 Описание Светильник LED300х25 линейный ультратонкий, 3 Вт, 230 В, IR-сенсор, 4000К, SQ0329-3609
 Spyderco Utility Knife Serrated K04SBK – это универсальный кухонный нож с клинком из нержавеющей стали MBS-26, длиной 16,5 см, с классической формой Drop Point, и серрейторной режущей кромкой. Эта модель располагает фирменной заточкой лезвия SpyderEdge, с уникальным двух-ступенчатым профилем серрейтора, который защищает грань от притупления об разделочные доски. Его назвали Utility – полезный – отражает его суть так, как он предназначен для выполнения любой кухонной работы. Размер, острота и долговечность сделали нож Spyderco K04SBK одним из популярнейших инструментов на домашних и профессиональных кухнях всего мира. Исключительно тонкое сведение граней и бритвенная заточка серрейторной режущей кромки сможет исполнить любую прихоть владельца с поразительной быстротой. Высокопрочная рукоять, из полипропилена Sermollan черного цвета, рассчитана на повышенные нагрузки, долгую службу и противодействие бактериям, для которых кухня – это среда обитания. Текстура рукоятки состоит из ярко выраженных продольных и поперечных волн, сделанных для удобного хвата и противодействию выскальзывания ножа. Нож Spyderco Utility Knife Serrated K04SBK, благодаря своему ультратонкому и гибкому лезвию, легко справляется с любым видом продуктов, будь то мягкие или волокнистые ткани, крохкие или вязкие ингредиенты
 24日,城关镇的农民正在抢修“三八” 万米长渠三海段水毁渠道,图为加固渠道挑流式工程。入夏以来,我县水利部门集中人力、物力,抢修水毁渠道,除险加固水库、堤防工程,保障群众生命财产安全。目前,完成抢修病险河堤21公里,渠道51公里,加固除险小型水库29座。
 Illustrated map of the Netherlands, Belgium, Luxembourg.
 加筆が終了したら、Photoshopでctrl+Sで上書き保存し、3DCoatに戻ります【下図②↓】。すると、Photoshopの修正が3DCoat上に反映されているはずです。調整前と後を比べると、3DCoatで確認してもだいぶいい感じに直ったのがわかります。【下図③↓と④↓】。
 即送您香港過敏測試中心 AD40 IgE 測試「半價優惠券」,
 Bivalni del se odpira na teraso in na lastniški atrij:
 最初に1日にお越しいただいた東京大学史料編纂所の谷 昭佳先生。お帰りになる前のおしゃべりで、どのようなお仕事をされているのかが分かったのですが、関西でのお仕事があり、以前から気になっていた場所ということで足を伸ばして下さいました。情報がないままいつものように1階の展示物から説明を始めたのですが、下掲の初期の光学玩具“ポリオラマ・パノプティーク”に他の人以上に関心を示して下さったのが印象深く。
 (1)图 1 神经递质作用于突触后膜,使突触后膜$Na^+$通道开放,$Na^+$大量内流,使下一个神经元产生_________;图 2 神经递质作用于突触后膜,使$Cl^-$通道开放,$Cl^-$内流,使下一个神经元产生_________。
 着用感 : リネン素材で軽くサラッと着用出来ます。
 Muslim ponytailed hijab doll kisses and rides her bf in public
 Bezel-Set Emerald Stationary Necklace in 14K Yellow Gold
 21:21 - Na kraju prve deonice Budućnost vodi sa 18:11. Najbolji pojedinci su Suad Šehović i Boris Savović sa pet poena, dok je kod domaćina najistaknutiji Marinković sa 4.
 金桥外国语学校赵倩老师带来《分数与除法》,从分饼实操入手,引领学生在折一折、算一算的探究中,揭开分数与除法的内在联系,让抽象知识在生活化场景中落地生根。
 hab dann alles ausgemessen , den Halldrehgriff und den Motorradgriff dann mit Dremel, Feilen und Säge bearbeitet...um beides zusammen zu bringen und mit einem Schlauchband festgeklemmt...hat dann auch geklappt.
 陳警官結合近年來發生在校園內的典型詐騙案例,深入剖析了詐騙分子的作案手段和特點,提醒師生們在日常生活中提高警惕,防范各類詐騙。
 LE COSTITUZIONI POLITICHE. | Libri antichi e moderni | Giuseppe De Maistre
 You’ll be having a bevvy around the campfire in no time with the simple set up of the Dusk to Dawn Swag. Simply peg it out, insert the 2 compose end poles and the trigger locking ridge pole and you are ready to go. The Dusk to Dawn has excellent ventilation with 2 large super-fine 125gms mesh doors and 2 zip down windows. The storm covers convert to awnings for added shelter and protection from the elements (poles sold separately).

▶ **What the exercise asks**: Look above for the line with "Muslim ponytailed hijab" and the line with "21:21 - Na kraju"; transcribe both and all lines in between, exactly, and nothing else.

▶ **Task output**:
 Muslim ponytailed hijab doll kisses and rides her bf in public
 Bezel-Set Emerald Stationary Necklace in 14K Yellow Gold
 21:21 - Na kraju prve deonice Budućnost vodi sa 18:11. Najbolji pojedinci su Suad Šehović i Boris Savović sa pet poena, dok je kod domaćina najistaknutiji Marinković sa 4.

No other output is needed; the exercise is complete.